Quality Prediction For Generative Neural Speech Codecs (WARP-Q)

This code is to run the WARP-Q speech quality metric. https://github.com/WissamJassim/WARP-Q.git

WARP-Q is an objective, full-reference metric for perceived speech quality. It uses a subsequence dynamic time warping (SDTW) algorithm as a similarity between a reference (original) and a test (degraded) speech signal to produce a raw quality score. It is designed to predict quality scores for speech signals processed by low bit rate speech coders.

News
Overview
Using WARP-Q
Score Mapping
WARP-Q Model Design
Citing

News

November 2022: Adding a new API with two running modes via command line arguments and different pretrained mapping models. Examples of how to use the code are also included.
July 2022: A new manuscript entitled “Speech quality assessmentwith WARP‐Q: From similarity to subsequence dynamic time warp cost” has been accepted for publication in the IET Signal Processing Journal. In this paper, we present the detailed design of WARP-Q with a comprehensive evaluation and analysis of the model components, design decisions, and salience of parameters to the model's performance. The paper also presents a comprehensive set of benchmarks with standard and new datasets and benchmarks against other standard and state-of-the-art full reference speech quality metrics. Furthermore, we compared WARP-Q results to the results from two state-of-the-art reference free speech quality measures. We also explored the possibility of mapping raw WAPR-Q scores onto target MOS using different machine learning (ML) models.
Jan 2021: Publishing initial codes of WARP-Q.

Overview

Speech coding has been shown to achieve good speech quality using either waveform matching or parametric reconstruction. For very low bit rate streams, recently developed generative speech models can reconstruct high quality wideband speech from the bit streams of standard parametric encoders at less than 3 kb/s. Generative codecs produce high quality speech based on synthesising speech from a DNN and the parametric input.

The problem is that the existing objective speech quality models (e.g., ViSQOL, POLQA) cannot be used to accurately evaluate the quality of coded speech from generative models as they penalise based on signal differences not apparent in subjective listening test results. Motivated by this observation, we propose the WARP-Q metric, which is robust to low perceptual signal changes introduced by low bit rate neural vocoders. Figure 1 shows illustrates a block diagram of the proposed algorithm.

Figure 1: High‐level block diagram of the WARP‐Q metric

The algorithm of WARP-Q metric consists of four processing stages:

Pre-processing: silent non-speech segments from reference and degraded signals are detected and removed using a voice activity detection (VAD) algorithm.
Feature extraction: $K$ cepstral coefficients of the reference and degraded signals are first generated. The obtained MFCCs representations are then normalised so that they have the same segmental statistics (zero mean and unit variance) using the cepstral mean and variance normalisation (CMVN).
Similarity comparison: WARP-Q uses the SDTW algorithm to estimate the similarity between the reference degraded signals in the MFCC domain. It first divides the normalised MFCCs of the degraded signal into a number, $L$ , of patches. For each degraded patch $X$ , the SDTW algorithm then computes the accumulated alignment cost between $X$ and the reference MFCC matrix $Y$ . The computation of accumulated alignment cost is based on an accumulated alignment cost matrix $D_{(X,Y)}$ and its optimal path $P^\ast$ between $X$ and $Y$ . Figure 2 shows an example of this stage. Further details are available in [1] and [2].

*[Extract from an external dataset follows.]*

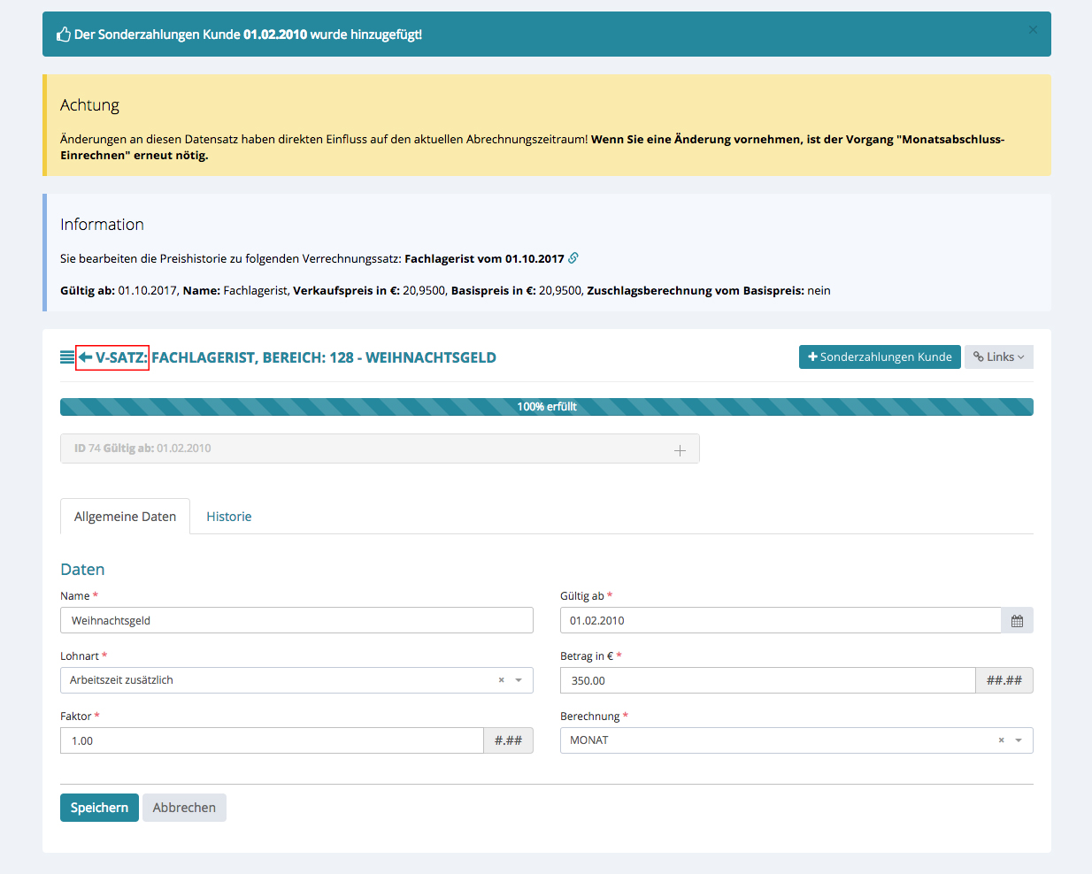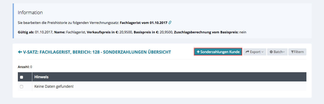 Legen Sie nun den Datensatz an, indem Sie auf „+ Sonderzahlungen Kunde“ klicken.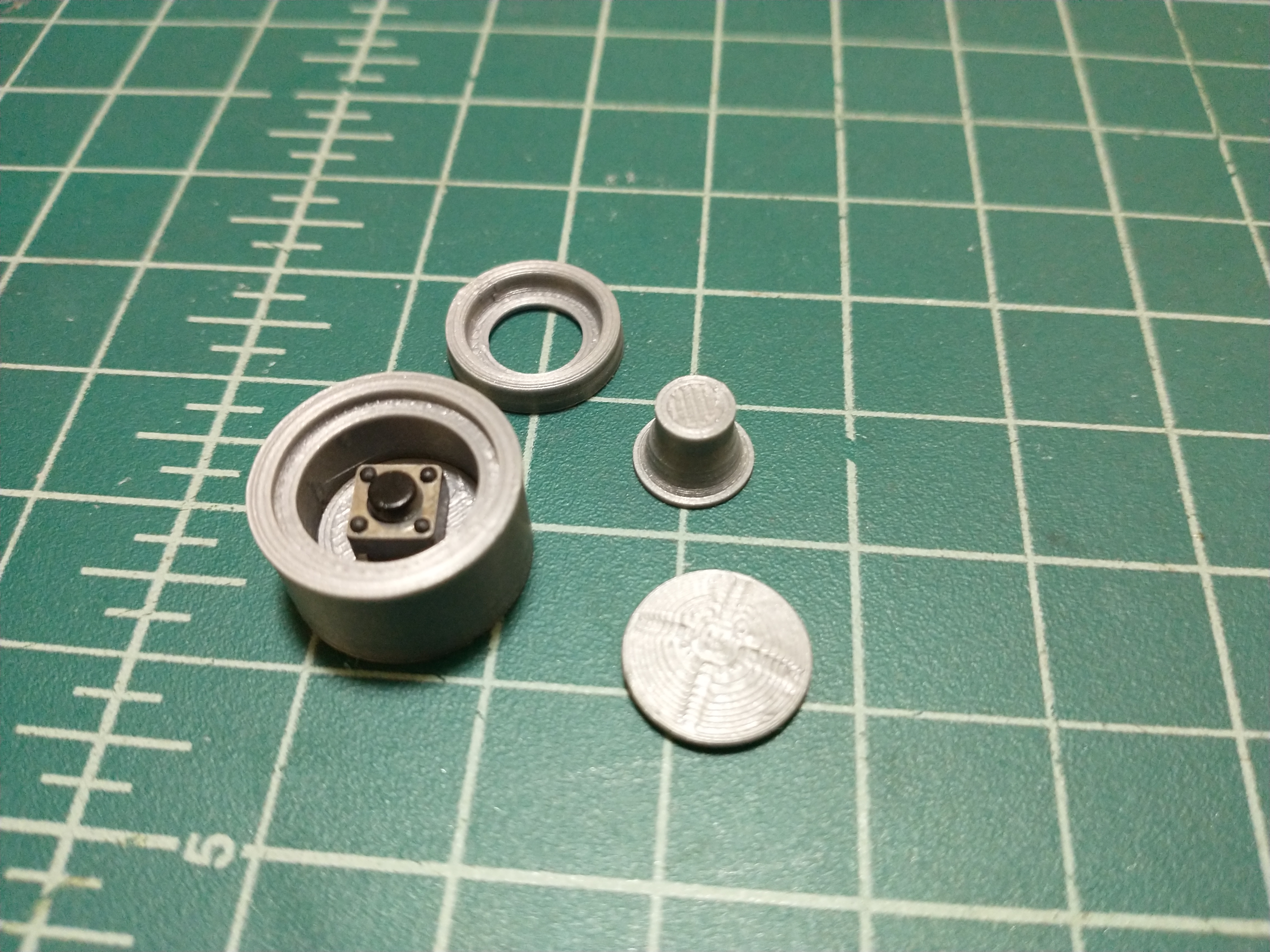 Anyway… in my last post I talked briefly about how I did my best to hollow out the model, locate electronics, and make it easy to swap out the battery. I was still of the opinion, even more so after printing it out, that all I was really able to be going to fit in it was a set of LEDs hooked to a small battery with a mini-pushbutton to turn it on. And even while I was printing things out, I wasn’t sure how I was going to go about fitting up the pushbutton in the print. I ended up doing a couple test prints to get the button just right and ended up going with a design similar to a set of print-in-place pushbuttons I found via Hackaday, by Marc Schömann.

Figure 2: SDTW-based accumulated cost and optimal path between two signals. (a) plots of a reference signal and its corresponding coded version from a WaveNet coder at 6 kb/s (obtained from the VAD stage), (b) normalised MFCC matrices of the two signals, (c) plots of SDTW-based accumulated alignment cost matrix $D_{(X,Y)}$ and its optimal path $P^\ast$ between the MFCC matrix $Y$ of the reference signal and a patch $X$ extracted from the MFCC matrix of the degraded signal. The optimal indices ( $a^{\ast}$ and $b^{\ast}$ ) are also shown. $X$ corresponds to a short segment (2 s long) from the WaveNet signal (highlighted in green color).

Subsequence score aggregation: the final quality score is representd by a median value of all alignment costs.

An evaluation using waveform matching, parametric and generative neural vocoder based codecs as well as channel and environmental noise shows that WARP-Q has better correlation and codec quality ranking for novel codecs compared to traditional metrics as well as the versatility of capturing other types of degradations, such as additive noise and transmission channel degradations.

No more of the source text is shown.